Developer Reference

Intel® oneAPI Math Kernel Library LAPACK Examples

ID 766877
Date 10/31/2024
Public
Document Table of Contents

ZGESVD Example Program in C

/*******************************************************************************
*  Copyright (C) 2009-2015 Intel Corporation. All Rights Reserved.
*  The information and material ("Material") provided below is owned by Intel
*  Corporation or its suppliers or licensors, and title to such Material remains
*  with Intel Corporation or its suppliers or licensors. The Material contains
*  proprietary information of Intel or its suppliers and licensors. The Material
*  is protected by worldwide copyright laws and treaty provisions. No part of
*  the Material may be copied, reproduced, published, uploaded, posted,
*  transmitted, or distributed in any way without Intel's prior express written
*  permission. No license under any patent, copyright or other intellectual
*  property rights in the Material is granted to or conferred upon you, either
*  expressly, by implication, inducement, estoppel or otherwise. Any license
*  under such intellectual property rights must be express and approved by Intel
*  in writing.
*
********************************************************************************
*/
/*
   ZGESVD Example.
   ==============

   Program computes the singular value decomposition of a general
   rectangular complex matrix A:

   (  5.91, -5.69) (  7.09,  2.72) (  7.78, -4.06) ( -0.79, -7.21)
   ( -3.15, -4.08) ( -1.89,  3.27) (  4.57, -2.07) ( -3.88, -3.30)
   ( -4.89,  4.20) (  4.10, -6.70) (  3.28, -3.84) (  3.84,  1.19)

   Description.
   ============

   The routine computes the singular value decomposition (SVD) of a complex
   m-by-n matrix A, optionally computing the left and/or right singular
   vectors. The SVD is written as

   A = U*SIGMA*VH

   where SIGMA is an m-by-n matrix which is zero except for its min(m,n)
   diagonal elements, U is an m-by-m unitary matrix and VH (V conjugate
   transposed) is an n-by-n unitary matrix. The diagonal elements of SIGMA
   are the singular values of A; they are real and non-negative, and are
   returned in descending order. The first min(m, n) columns of U and V are
   the left and right singular vectors of A.
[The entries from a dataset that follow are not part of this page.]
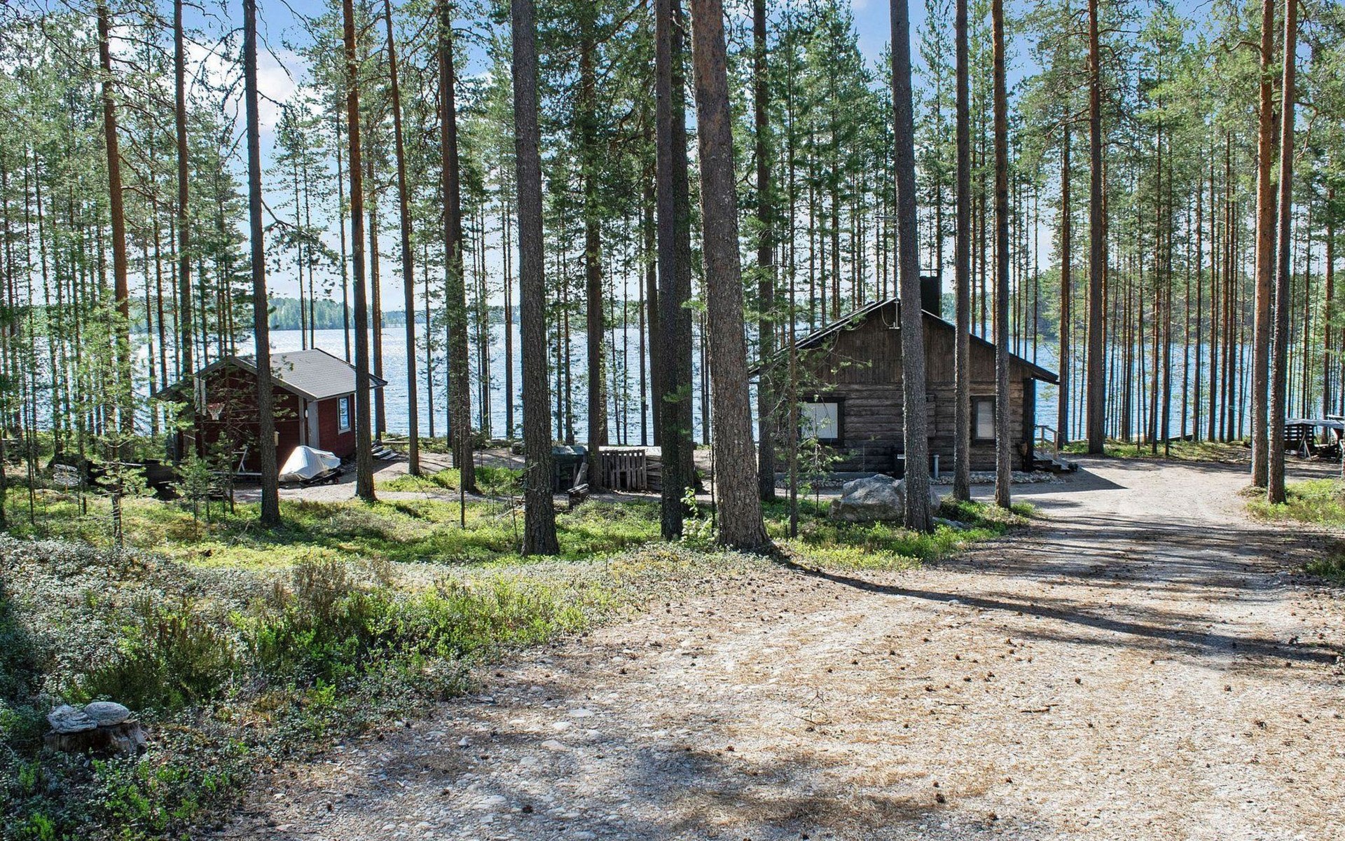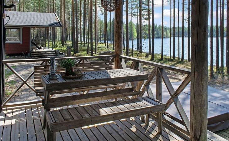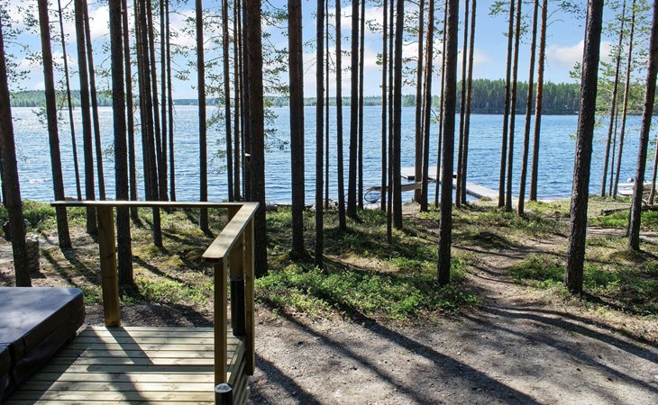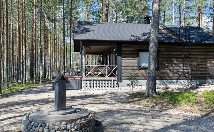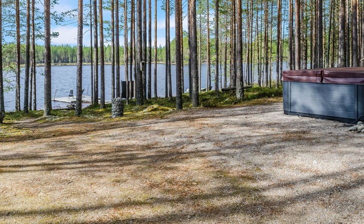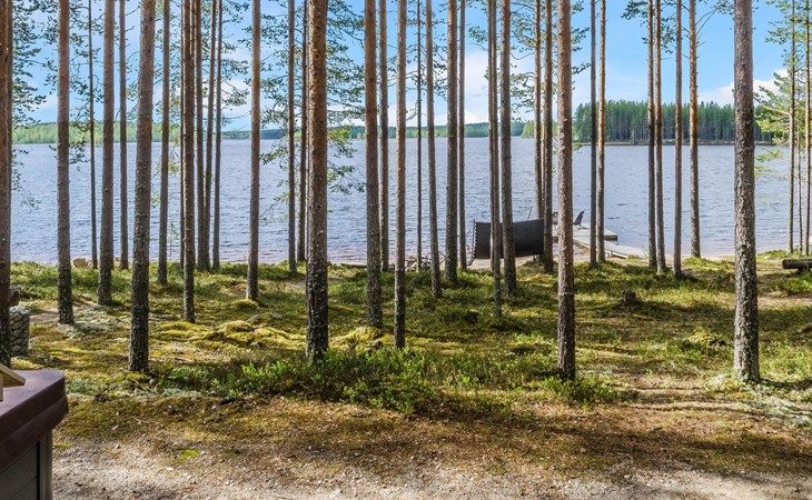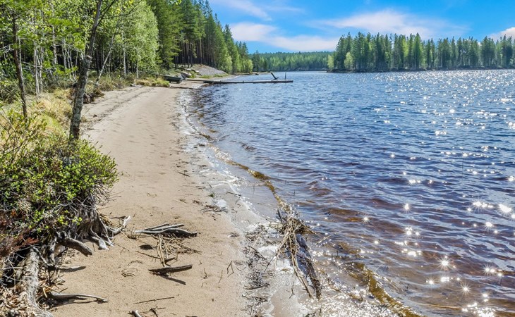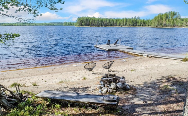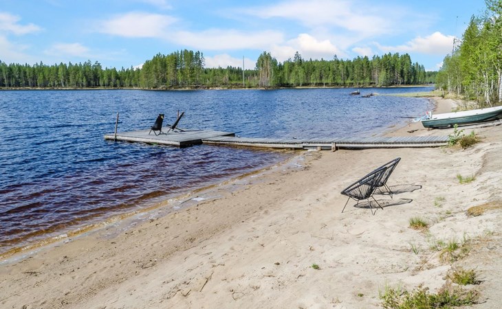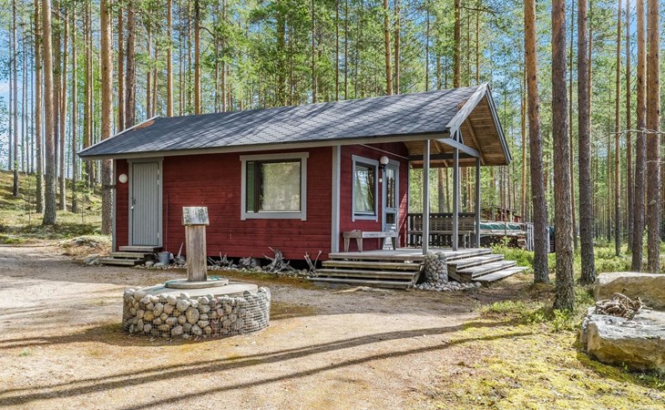 76 km to the northeast from Joensuu, lake Koitere 25 m (163,667 km²), shallow natural sand beach, own beach, pier and boat. Own coastline 80 m. Wooden holiday cabin 2012. Living room-kitchen with spreadable divan-sofa, bedroom with double bed, wood-heated sauna, terrace.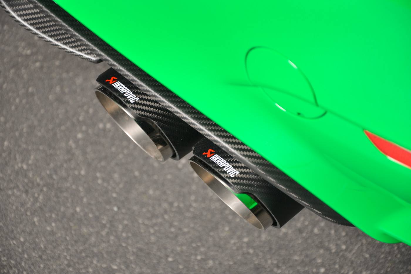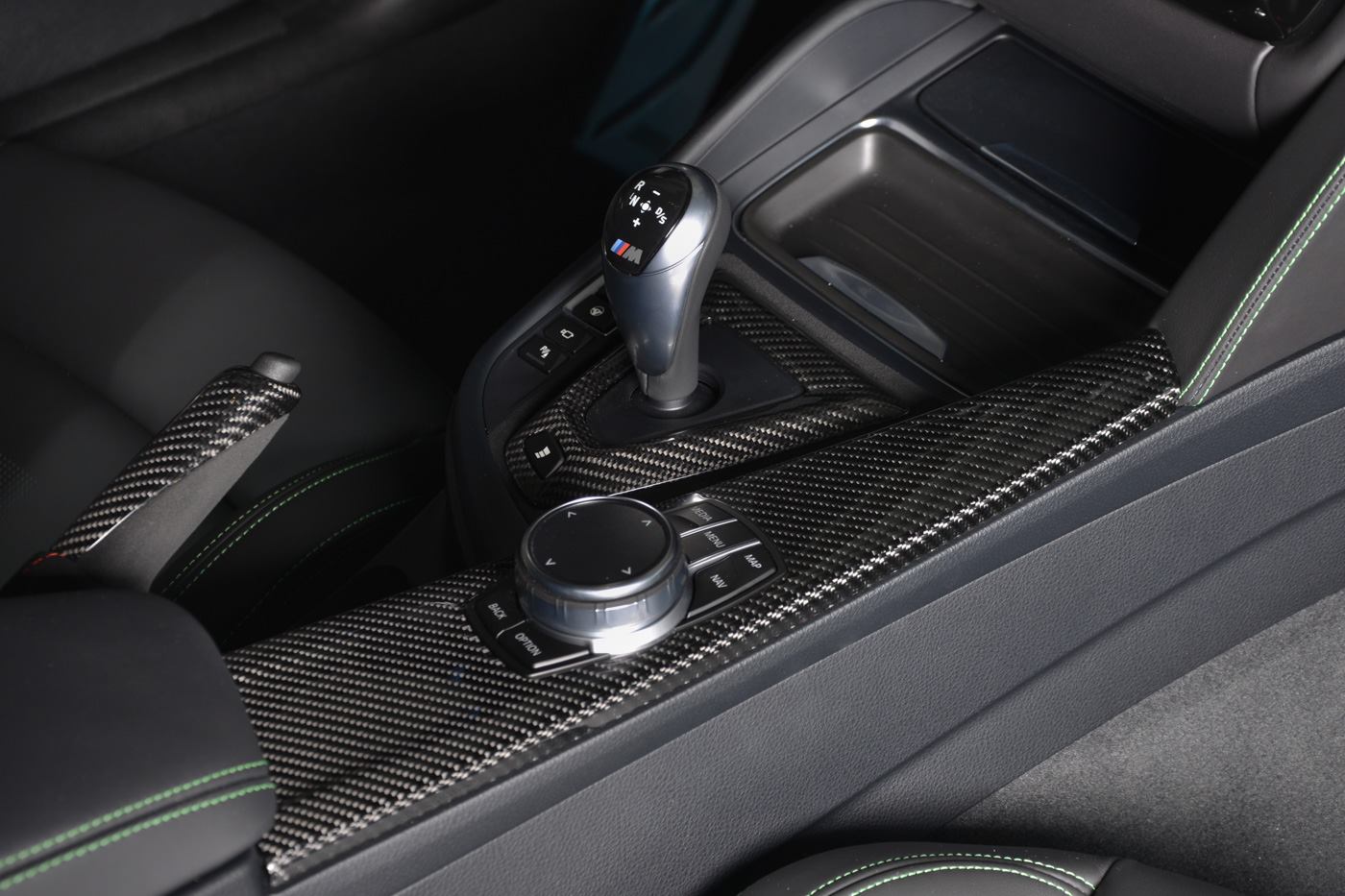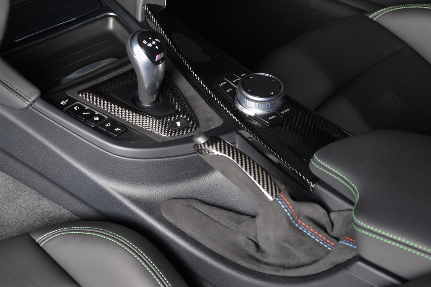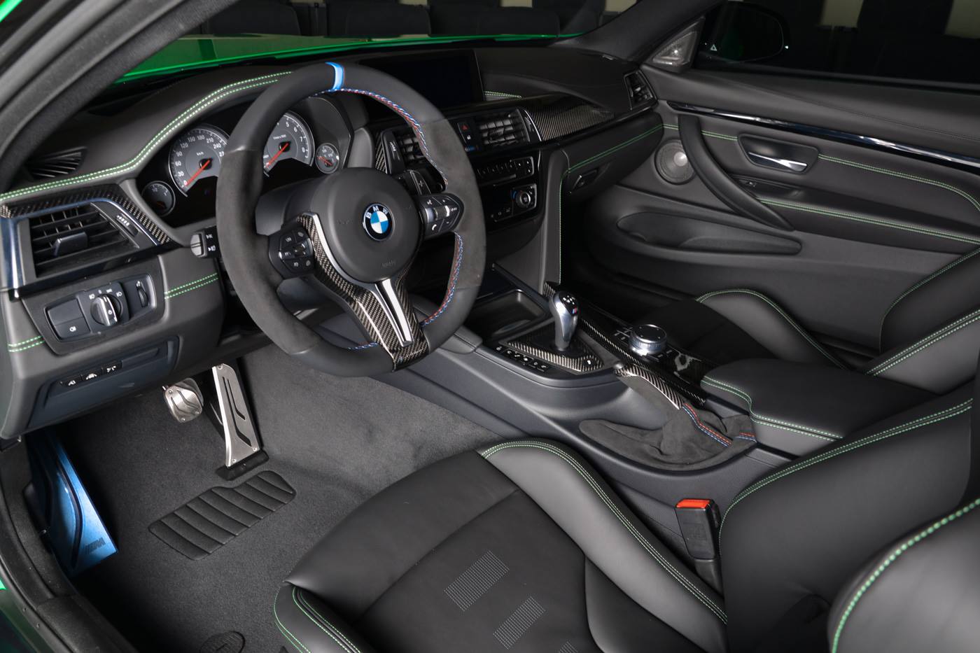 Dank der Competition Paket-Felgen im Design Sternspeiche 666 M, den Carbon-Aufsätzen für die Frontschürze und Außenspiegel und dem großen Carbon-Frontsplitter erhält das serienmäßige Carbon-Dach des BMW M4 Coupé einige optische Gegenspieler auf Augenhöhe. Am Heck trägt der Mittelklasse-Sportler aus Garching einen Diffusor-Einsatz und eine Abgasanlage von Akrapovic, was für die zum Auftritt passende Lautstärke sorgen dürfte. Dass der weitgehend schwarz gehaltene Innenraum von grünen Kontrastnähte aufgelockert wird, ist im Angesicht der Außenlackierung in Signal Green keine Überraschung.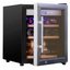 Дверца у большинства винных шкафов изготавливается из многослойного тонированного стекла. Такой материал, с одной стороны, позволяет оценивать коллекцию вин визуально, не открывая дверцу, в условиях стабильной температуры и влажности. С другой стороны, затемненное стекло с УФ-фильтром в виде напыления или специальной пленки надежно изолирует винные бутылки негативного воздействия ультрафиолетового излучения. Несколько слоев стекла обеспечивают при этом дополнительную защиту. Очень часто стекло в дверце заключается в рамку из дерева или металла. Натуральный или окрашенный металл или дерево не только способствуют прочности конструкции, но и превращают винный холодильник, особенно отдельно стоящий, в эффектный элемент обстановки.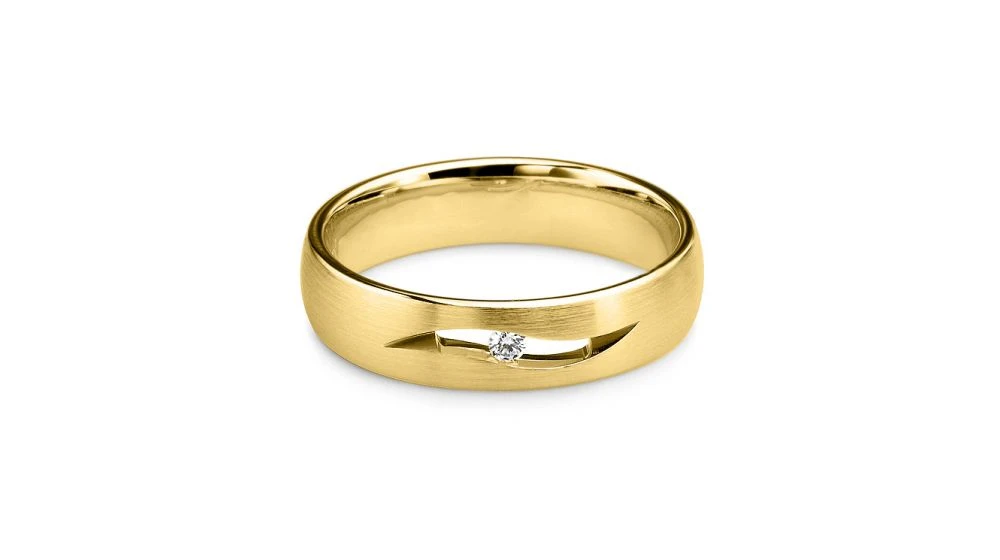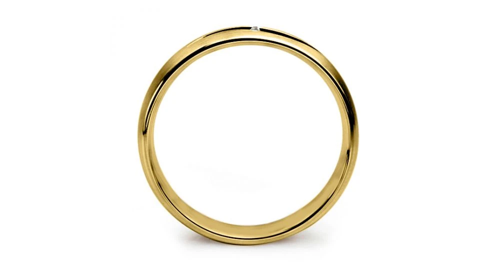 Lignes pures et courbes donnent à cette alliance en or jaune un style contemporain empreint de douceur. Madame sera ravie. La bague présente une originalité via un découpage stylistique. En son sein se loge subtilement un diamant serti demi-clos de 0.03 carat. Le poids en or de cette alliance est de 5 grammes. Sa largeur est de de 5mm de diamètre. La finition intérieure est très soignée ce qui permet un port confortable. Enfin, le corps de cette alliance présente une forme semi-plate avec des finitions extérieures brossées et polies.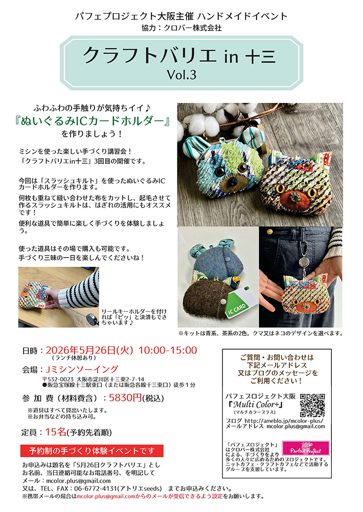 TOP/イベント&ワークショップ/ワークショップ/2026年/5/26 パフェプロジェクト大阪チーム「ミシンを使った楽しい手づくり講習会!クラフトバリエ in 十三」VOL.3 開催!(大阪)

   Note that the routine returns VH, not V.

   Example Program Results.
   ========================

 ZGESVD Example Program Results

 Singular values
  17.63  11.61   6.78

 Left singular vectors (stored columnwise)
 ( -0.86,  0.00) (  0.40,  0.00) (  0.32,  0.00)
 ( -0.35,  0.13) ( -0.24, -0.21) ( -0.63,  0.60)
 (  0.15,  0.32) (  0.61,  0.61) ( -0.36,  0.10)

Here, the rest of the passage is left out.